What is astounding is the locally held idea in the affected village, where up to 18 persons stand accused in connection with the murder, that somehow justice for cow slaughter was done through Mr. Akhlaq’s murder. And now, the families of the accused say that justice must be taken further and everyone from Akhlaq’s family involved in eating the alleged cow must be arrested. The local BJP leader, Sanjay Rana, has been quite vocal on the issue and gave the government an ultimatum saying that the state had 20 days to make arrests of cow consumers, failing which, the village would not be able to contain its ‘public anger’. Interestingly, seven of the accused have familial ties to Mr.

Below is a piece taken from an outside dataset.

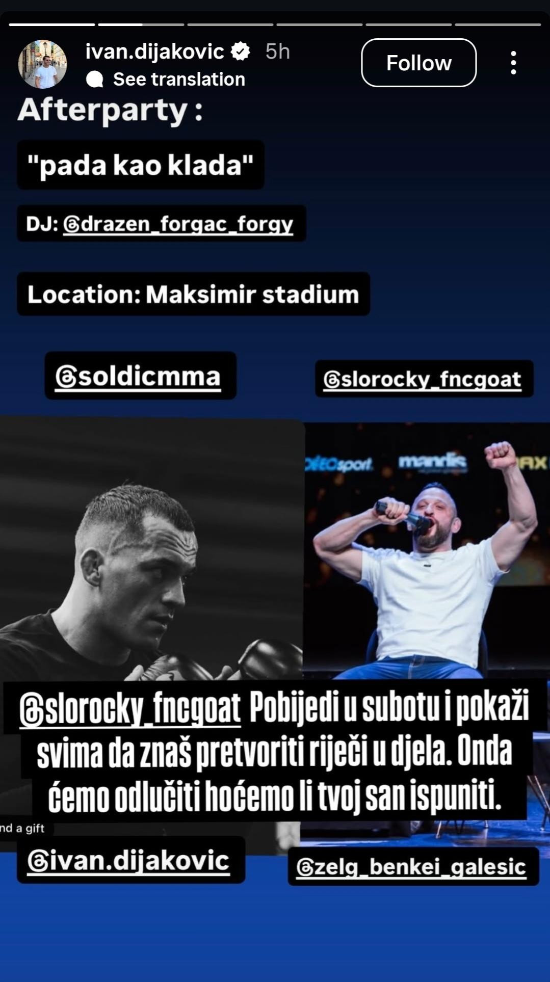 ‘‘Afterparty: Pada kao klada, DJ je Dražen Forgač, a lokacija je Maksimirski stadion. SloRocky, pobijedi u subotu i pokaži svima da znaš pretvoriti riječi u djela. Onda ćemo odlučiti hoćemo li tvoj san ispuniti.‘‘

Rana.

The issues that one needs to focus on in connection with this case are the following. First, what has empowered local village chiefs and leaders to threaten the state. The local village chief referred to the accused as “innocent children” and said that they would organize a mahapanchayat (great village council) and may even attempt self-immolation. Several local right-wing groups have offered to join the council. Second, the people raking up the issue including the local villagers who attempted to kill or killed Mr. Akhlaq actually believe they did nothing wrong and ask for justice for themselves and the arrests of cow consumers.

Such events portend a future communal struggle in the run-up to the elections. They also suggest that a runaway Hindu masculinity unfettered and unafraid of the law has finally found its time in the sun, watered and fed by a right-wing government. The fact that a local BJP leader’s son and extended male family were involved in the lynching and murder and that no punishment has been awarded to similar right-wing functionaries from within the party suggests that at one level there is a widespread acceptability for such actions, or that they are not seen as a cause of concern within the BJP. If a Union Minister of State makes such pronouncements based on a meat sample, the origins of which are suspicious as a police officer has suggested, one can assume that there is also encouragement for tough talk within the BJP and there is support for such actions.

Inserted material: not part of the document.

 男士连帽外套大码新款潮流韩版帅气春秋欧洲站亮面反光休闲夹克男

Mr. Akhlaq’s murder is not the first case in the last three years or so starting from the run-up to the 2014 election where murder most foul has been committed and the perpetrators have not received a sentence. Since then, authors have been targeted, threatened, even murdered, journalists have been manhandled, Dalits have been beaten up or lynched for beef consumption and even the police have been murdered in a place like Mathura by a vigilante paramilitary force illegally occupying a public park.

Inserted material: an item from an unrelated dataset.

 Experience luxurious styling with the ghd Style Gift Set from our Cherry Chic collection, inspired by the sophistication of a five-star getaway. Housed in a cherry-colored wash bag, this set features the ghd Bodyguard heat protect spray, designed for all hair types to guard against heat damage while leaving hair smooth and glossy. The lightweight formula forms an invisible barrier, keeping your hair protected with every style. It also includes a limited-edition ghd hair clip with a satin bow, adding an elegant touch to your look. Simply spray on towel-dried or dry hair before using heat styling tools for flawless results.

Electoral politics in India has always been a dark game, although some will say that they remain the freest and fairest in the developing world. This may be true, but Indian elections at all levels allow for the surfacing of societal violence and encouragement to such violence. With a law and order system that is late to every crime and slow to prosecute and a government that may even be smiling on such actions, there are not enough disincentives to deter murderous vigilante mobs.

 

(Vasundhara Sirnate Drennan is the Chief Coordinator of Research for The Hindu Centre for Politics and Public Policy.)